Carry Me Along was named a Finalist in the 2025 Clarissa Dalloway Prize Prize for Short Prose, judged by Diane Josefowicz.
The mission shimmered in the dust like a refracted image sent from a world where thirst and privation and Hell do not exist or at the very least are not eternal. Where the whitewashed adobe does not need to be repainted every few years because the desert winds cannot scour it because it is not really there in the first place. Like if a rider from the old times past had seen it he would have spurred his horse on into the Sonoran without a second look because he would have seen it or its like enough times before to know that if he got too close it would slip away into that other world and leave him thirsty and off the trail and searching in vain for the Indians who moments before had been tending garden and the sisters who poured water from ladles made from the dried out husks of longhandled gourds. To be found a hundred and fifty miles on as no more than a pile of dustblown clothes and horsebones and a hundred and fifty years later survived only by a pair of longburied sixshot revolvers recovered by an anonymous hunter or trooper and donated to the state museum.
To be seen tomorrow, maybe. Before the visitation.

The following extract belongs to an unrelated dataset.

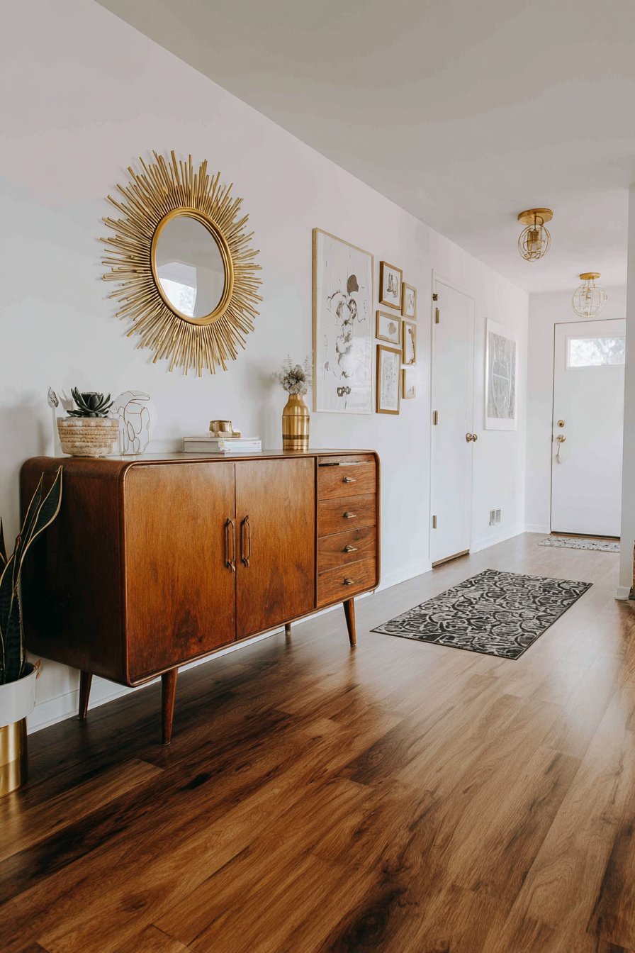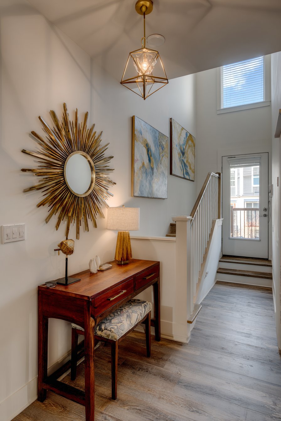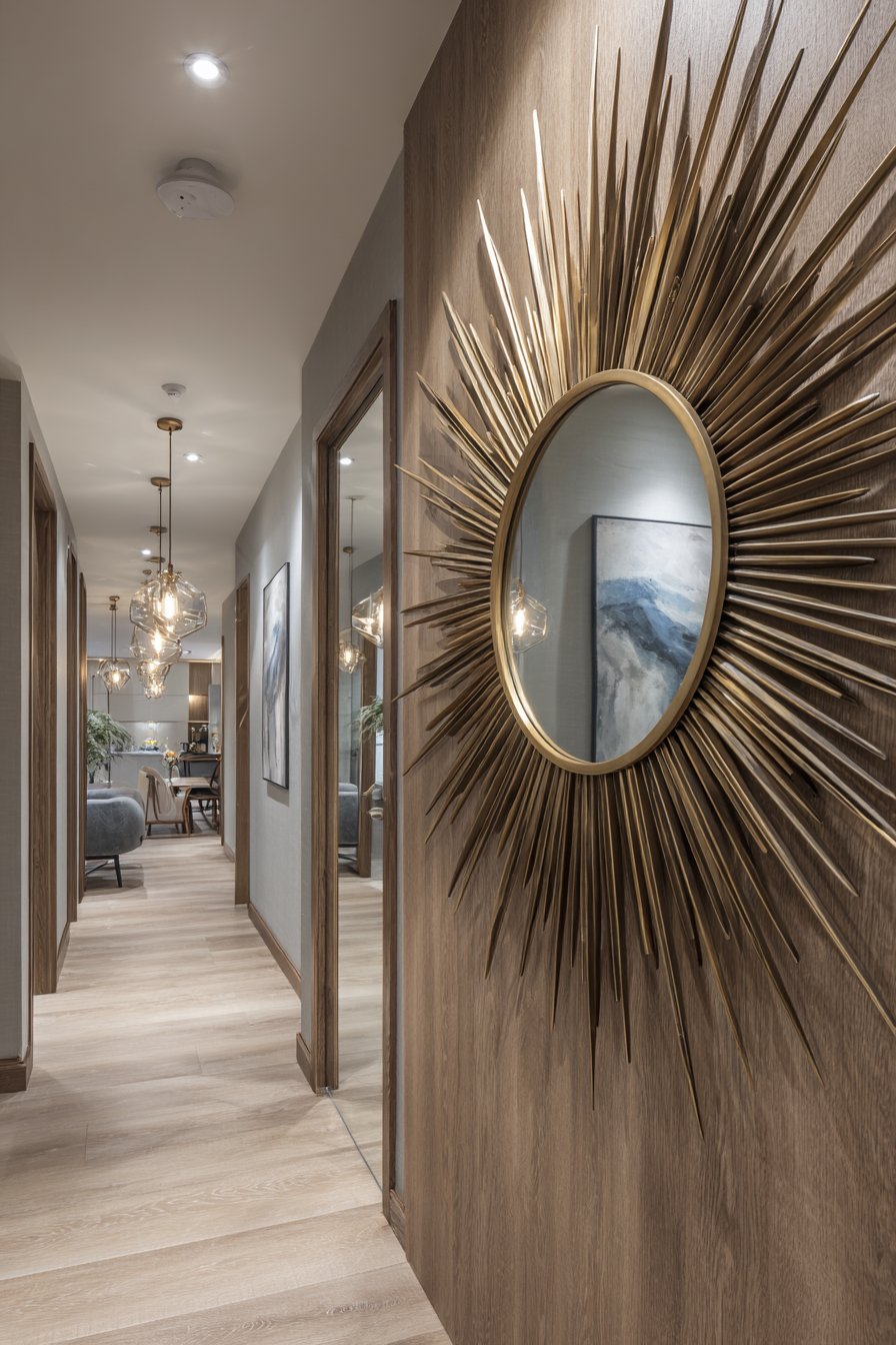 A sunburst mirror in antique brass finish creates retro focal point on a hallway gallery wall, its radiating design instantly evoking the optimistic, space-age aesthetic of mid-century modern design. This iconic room mirror idea features metal spokes extending from a central circular mirror like sun rays, creating dramatic sculptural presence that functions equally as art object and reflective surface. The antique brass finish provides warm metallic glow that catches and reflects light from pendant fixtures and nearby windows, creating sparkle and visual interest that draws the eye down otherwise plain hallways.

There were no ancient terracotta amphorae filled with wellwater nor were there sisters to pour it but there was a laywoman in the giftshop to sell me a plastic bottle and a little nativity scene I figured I could take back to my mother. In the chapel there was a wooden effigy of an old friar in an opentopped coffin and in his hands a rosary made from little burrs that had been woven into cords of longgrass. The plaque next to the casket said that he had come from Spain three hundred years before to lead the mission and had died on the way. But three weeks later when they found the body it was perfectly preserved and untouched by weather or animal and it stayed that way the whole wagonride back. So they kept the real body on display until even God could not arrest the decay wrought by the thousand pairs of desperate lips that had kissed his brow. Now they kept it in a closed mausoleum in the middle of the private courtyard. The plaque also showed a black-and-white photograph of the real cadaver to prove that its wooden counterpart was a fair likeness and the carver an artist of real talent. When I was through with the brother I finished the water and put the empty bottle in the recycling bin outside the gift shop and then drove back into town.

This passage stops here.